**PROVIDED RECORDS**
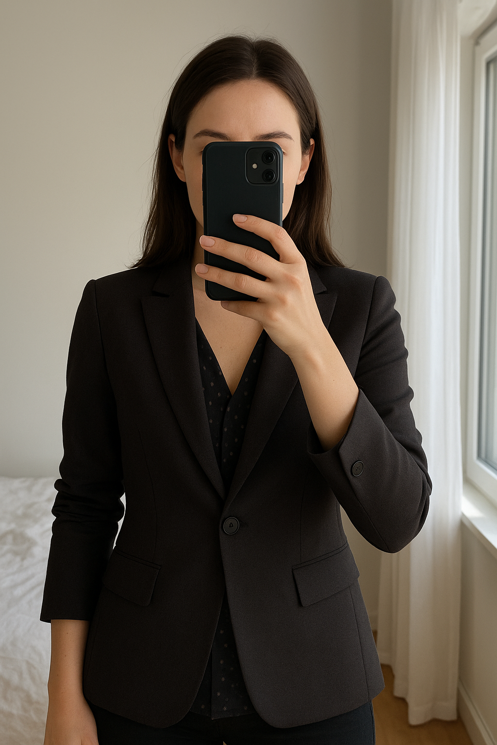 Blazer cach cache debout, face à la caméra, dans une chambre à la lumière douce, avec une lumière naturelle filtrant par la fenêtre.
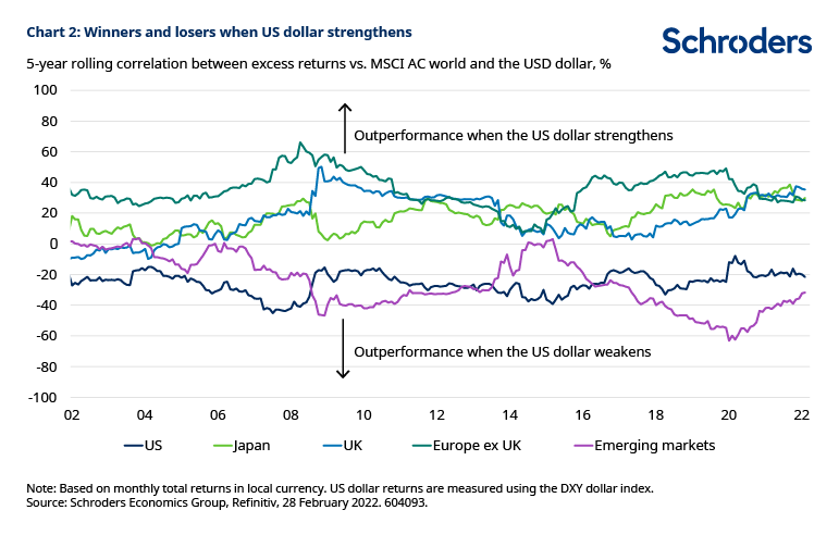 Before the tragedy in Ukraine, US bond yields, particularly real yields, had started to rise. This hit the US and tech stocks and spurred investors to seek non-US markets with a bias towards the value sectors. But not all markets have benefitted from higher yields and the performance of emerging market (EM) equities has been hindered by the strength of the US dollar.
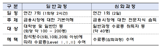 ÀϹݰúÁ¤Àº ±ÝÀ¶½ÃÀå¿¡ ´ëÇÑ ±âº» ÀÌÇØ¸¦ µ½´Â °úÁ¤À¸·Î, ¸Åȸ ¾à 100~200¸íÀ» ´ë»óÀ¸·Î ÇÑ´Ù. Âü¼® Ƚ¼ö°¡ 5ȸ, 10ȸ, 20ȸ ÀÌ»ó ½×ÀÏ ¶§¸¶´Ù °¢°¢ Level ¥°, ¥±, ¥² ¼ö·áÁõÀ» ¼ö¿©ÇÑ´Ù. ±Ý°¨¿ø °ü°èÀÚ´Â ¡°ÀϹݰúÁ¤Àº û³âÃþÀÇ °ÇÀüÇÑ ÅõÀÚ ½À°ü Çü¼º°ú ÀÚº»½ÃÀåÀ» ÅëÇÑ ÀÚ»ê Çü¼º¿¡ µµ¿òÀÌ µÇ´Â ÁÖÁ¦·Î ±¸¼ºµÈ´Ù¡±°í ¼³¸íÇß´Ù.
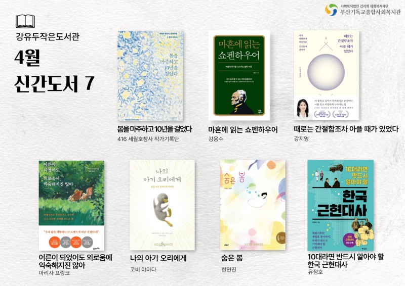 목록 강유두작은도서관 4월 신간 안내 페이지 정보 최고관리자 조회 759 입력 2024-04-05 17:46 댓글 0 본문 4월을 맞이한 강유두작은도서관엔신간이 입고 되었습니다.이용자의 추천을 받아 매월 구입하고 있는 도서관 신간과 함께4월의 추천도서와 더불어 '함께 기억하기' 위한작은 이벤트까지 진행 중인 강유두작은도서관에 놀러오세요. 목록 이전글또바기연합봉사단 발대식 및 연합활동 진행 2024.04.08 다음글2024년 꿈디자이너 비전원정대 - 문화공연 2024.04.03 댓글 0 댓글목록 등록된 댓글이 없습니다.
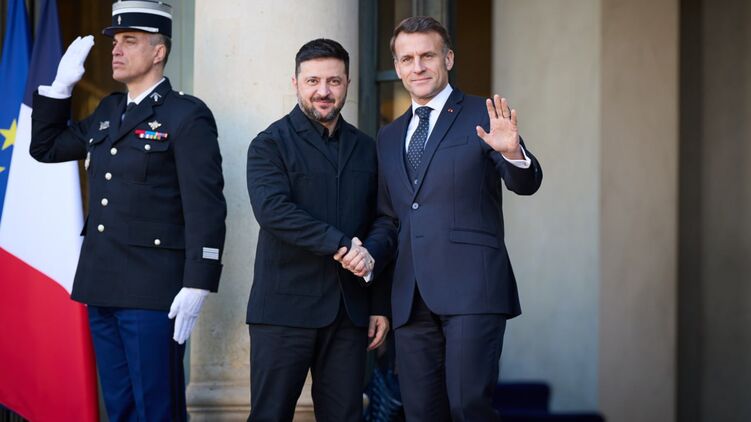 Володимир Зеленський та Емманюель Макрон перед зустріччю "коаліції охочих" у Парижі. Фото: t.me/V_Zelenskiy_official
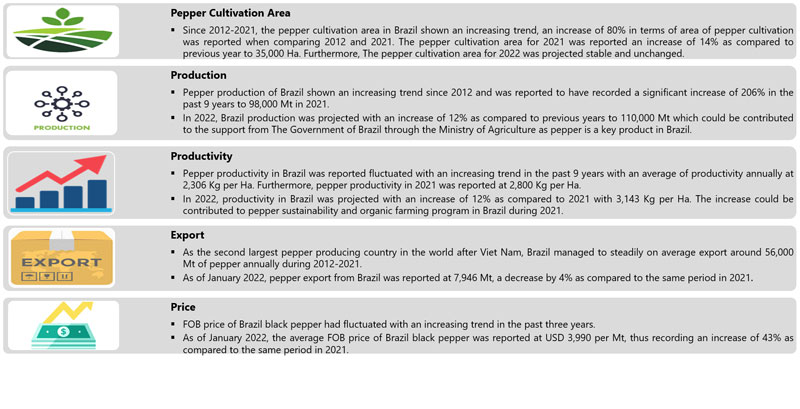 | 05 | Malaysia - The international pepper price for Malaysia was reported stable and unchanged, while the Malaysian local price responded positively this month. |
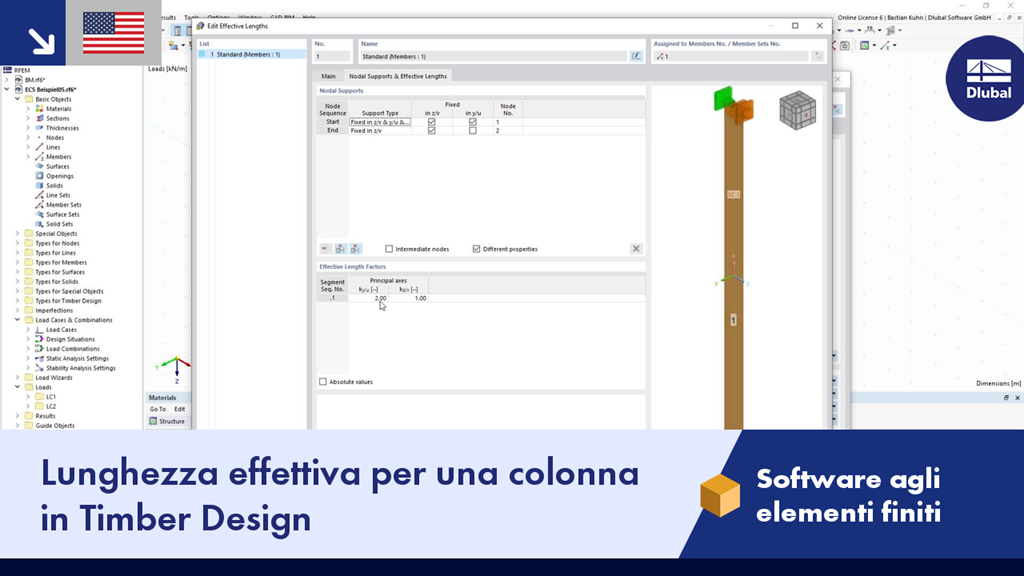 In questo video, puoi vedere come definire diverse lunghezze efficaci per una colonna. Inoltre, una riduzione della rigidezza causata dalla viscosità può essere considerata anche per l'analisi di stabilità in Verifica legno.
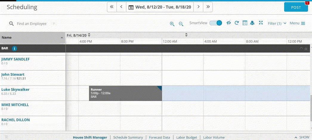 - You can also drag and drop within SmartView. Click and drag the ends of shifts to make them longer or shorter.
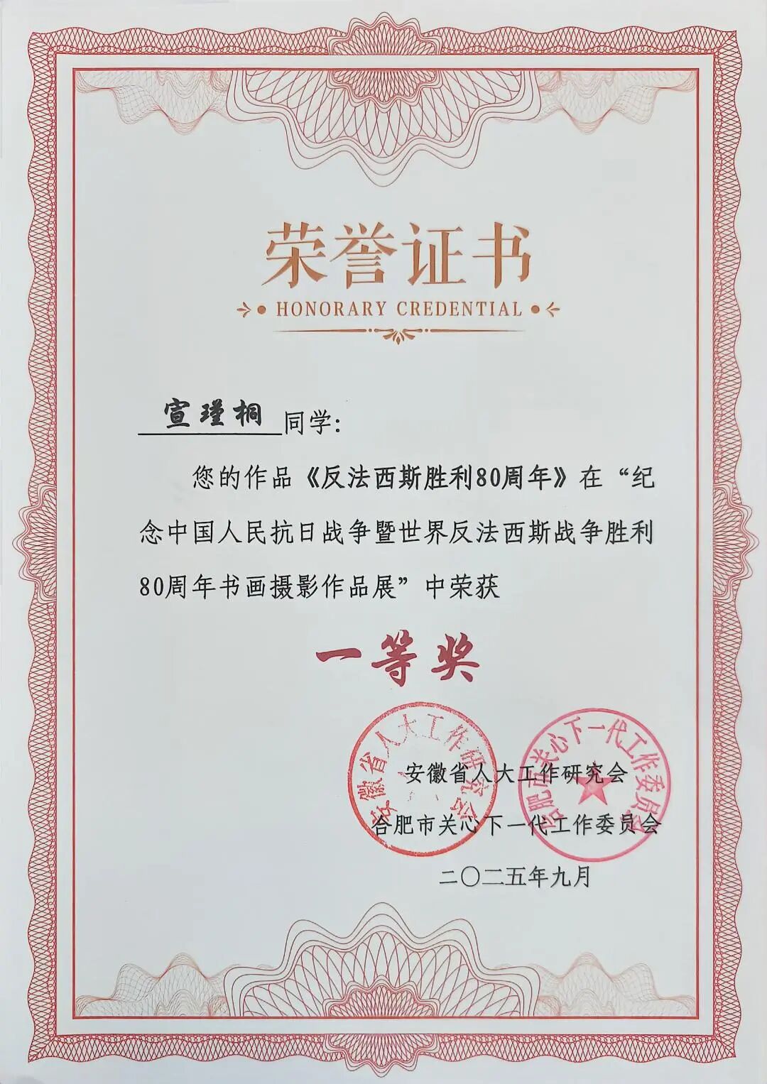 此次获奖历经校级选拔、区级角逐到市级评审的层层考验。宣瑾桐同学的作品从全校众多参赛作品中脱颖而出,顺利晋级区级比赛后,又凭借深刻的主题内涵、扎实的艺术功底在区级评选中崭露头角,最终在全市优秀作品的激烈竞争中斩获一等奖,每一步都凝聚着她的努力与坚持。
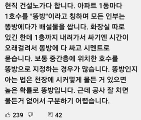 신축 아파트 인분, 전국 다 그래 이유를 아세요? 건설 현장 내 화장실은 보통 1층에만 설치 고층 작업 시 화장실 왕복에 30분이나 소요 특정 호수 지정? 현장마다 달라 심한 케이스
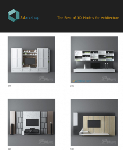 3darcshop - TV & Media Furniture 01-64 consists of 64 interior models with various designs and styles.
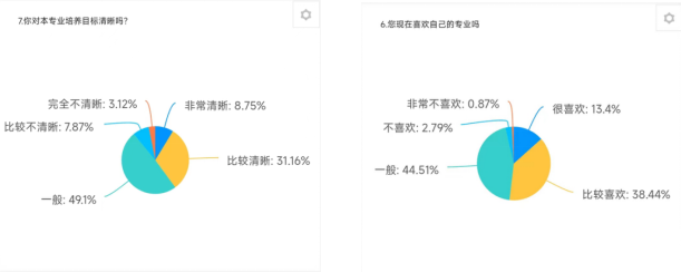 从问卷调查的最终结果中可以看出,仅有31.16%的同学对本专业的培养目标比较清晰,47.84%的同学对专业课程结构的了解程度一般,61.02%同学对本专业就业形势比较关注,还有29.2%的同学对本专业的就业方向不太清晰,此问卷调查一定程度上反映了同学们在专业认知方面存在的问题以及之后需要努力加强的方向。
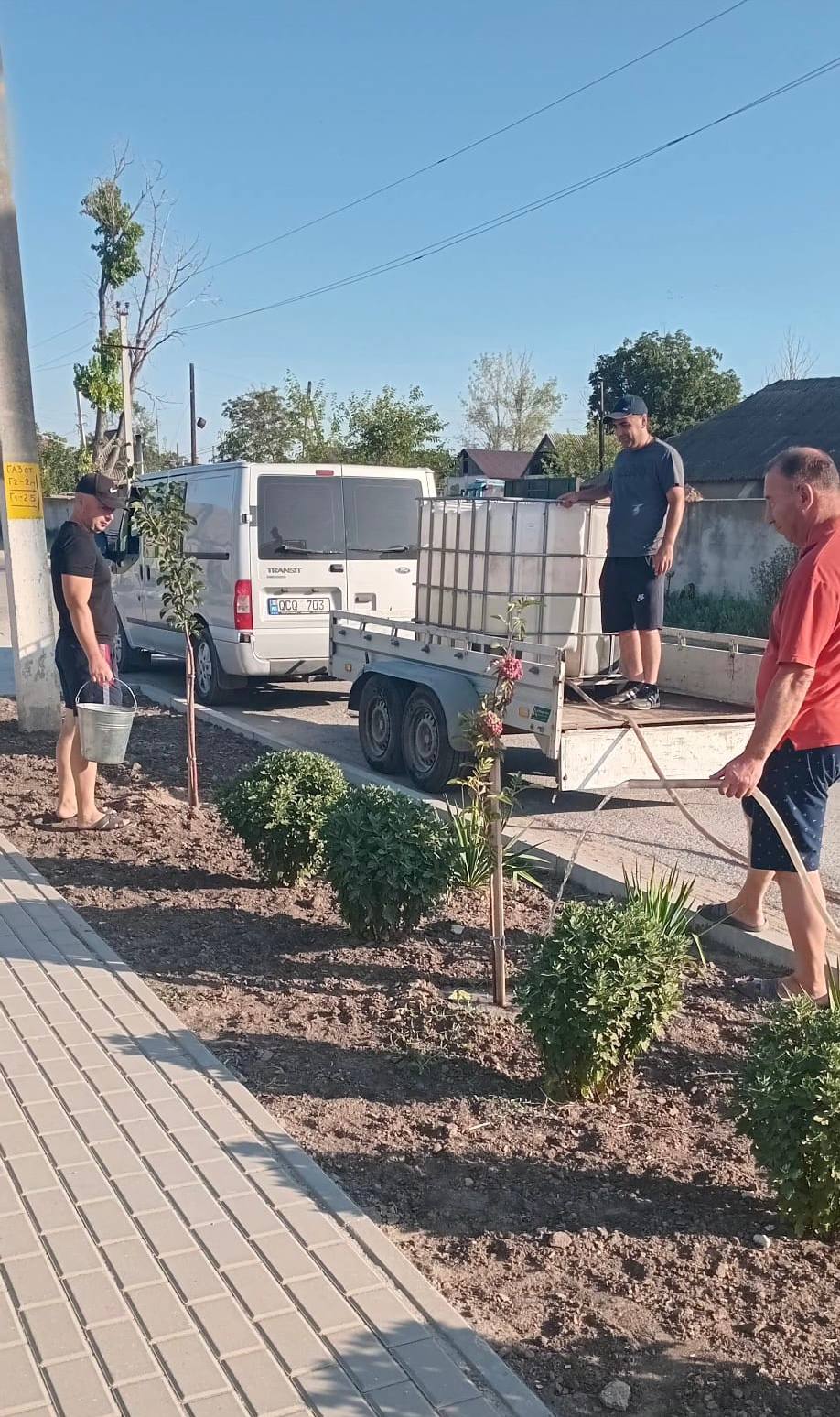 Сегодня ранним утром сотрудники примарии снова провели полив зелёных насаждений по всему городу. Это особенно важно в условиях засушливой погоды.

**WHAT YOU SHOULD DO**
Line by line, write out the entries exactly, and leave the pictures out.

**WRITTEN ANSWER**
 Blazer cach cache debout, face à la caméra, dans une chambre à la lumière douce, avec une lumière naturelle filtrant par la fenêtre.
 Before the tragedy in Ukraine, US bond yields, particularly real yields, had started to rise. This hit the US and tech stocks and spurred investors to seek non-US markets with a bias towards the value sectors. But not all markets have benefitted from higher yields and the performance of emerging market (EM) equities has been hindered by the strength of the US dollar.
 ÀϹݰúÁ¤Àº ±ÝÀ¶½ÃÀå¿¡ ´ëÇÑ ±âº» ÀÌÇØ¸¦ µ½´Â °úÁ¤À¸·Î, ¸Åȸ ¾à 100~200¸íÀ» ´ë»óÀ¸·Î ÇÑ´Ù. Âü¼® Ƚ¼ö°¡ 5ȸ, 10ȸ, 20ȸ ÀÌ»ó ½×ÀÏ ¶§¸¶´Ù °¢°¢ Level ¥°, ¥±, ¥² ¼ö·áÁõÀ» ¼ö¿©ÇÑ´Ù. ±Ý°¨¿ø °ü°èÀÚ´Â ¡°ÀϹݰúÁ¤Àº û³âÃþÀÇ °ÇÀüÇÑ ÅõÀÚ ½À°ü Çü¼º°ú ÀÚº»½ÃÀåÀ» ÅëÇÑ ÀÚ»ê Çü¼º¿¡ µµ¿òÀÌ µÇ´Â ÁÖÁ¦·Î ±¸¼ºµÈ´Ù¡±°í ¼³¸íÇß´Ù.
 목록 강유두작은도서관 4월 신간 안내 페이지 정보 최고관리자 조회 759 입력 2024-04-05 17:46 댓글 0 본문 4월을 맞이한 강유두작은도서관엔신간이 입고 되었습니다.이용자의 추천을 받아 매월 구입하고 있는 도서관 신간과 함께4월의 추천도서와 더불어 '함께 기억하기' 위한작은 이벤트까지 진행 중인 강유두작은도서관에 놀러오세요. 목록 이전글또바기연합봉사단 발대식 및 연합활동 진행 2024.04.08 다음글2024년 꿈디자이너 비전원정대 - 문화공연 2024.04.03 댓글 0 댓글목록 등록된 댓글이 없습니다.
 Володимир Зеленський та Емманюель Макрон перед зустріччю "коаліції охочих" у Парижі. Фото: t.me/V_Zelenskiy_official
 | 05 | Malaysia - The international pepper price for Malaysia was reported stable and unchanged, while the Malaysian local price responded positively this month. |
 In questo video, puoi vedere come definire diverse lunghezze efficaci per una colonna. Inoltre, una riduzione della rigidezza causata dalla viscosità può essere considerata anche per l'analisi di stabilità in Verifica legno.
 - You can also drag and drop within SmartView. Click and drag the ends of shifts to make them longer or shorter.
 此次获奖历经校级选拔、区级角逐到市级评审的层层考验。宣瑾桐同学的作品从全校众多参赛作品中脱颖而出,顺利晋级区级比赛后,又凭借深刻的主题内涵、扎实的艺术功底在区级评选中崭露头角,最终在全市优秀作品的激烈竞争中斩获一等奖,每一步都凝聚着她的努力与坚持。
 신축 아파트 인분, 전국 다 그래 이유를 아세요? 건설 현장 내 화장실은 보통 1층에만 설치 고층 작업 시 화장실 왕복에 30분이나 소요 특정 호수 지정? 현장마다 달라 심한 케이스
 3darcshop - TV & Media Furniture 01-64 consists of 64 interior models with various designs and styles.
 从问卷调查的最终结果中可以看出,仅有31.16%的同学对本专业的培养目标比较清晰,47.84%的同学对专业课程结构的了解程度一般,61.02%同学对本专业就业形势比较关注,还有29.2%的同学对本专业的就业方向不太清晰,此问卷调查一定程度上反映了同学们在专业认知方面存在的问题以及之后需要努力加强的方向。
 Сегодня ранним утром сотрудники примарии снова провели полив зелёных насаждений по всему городу. Это особенно важно в условиях засушливой погоды.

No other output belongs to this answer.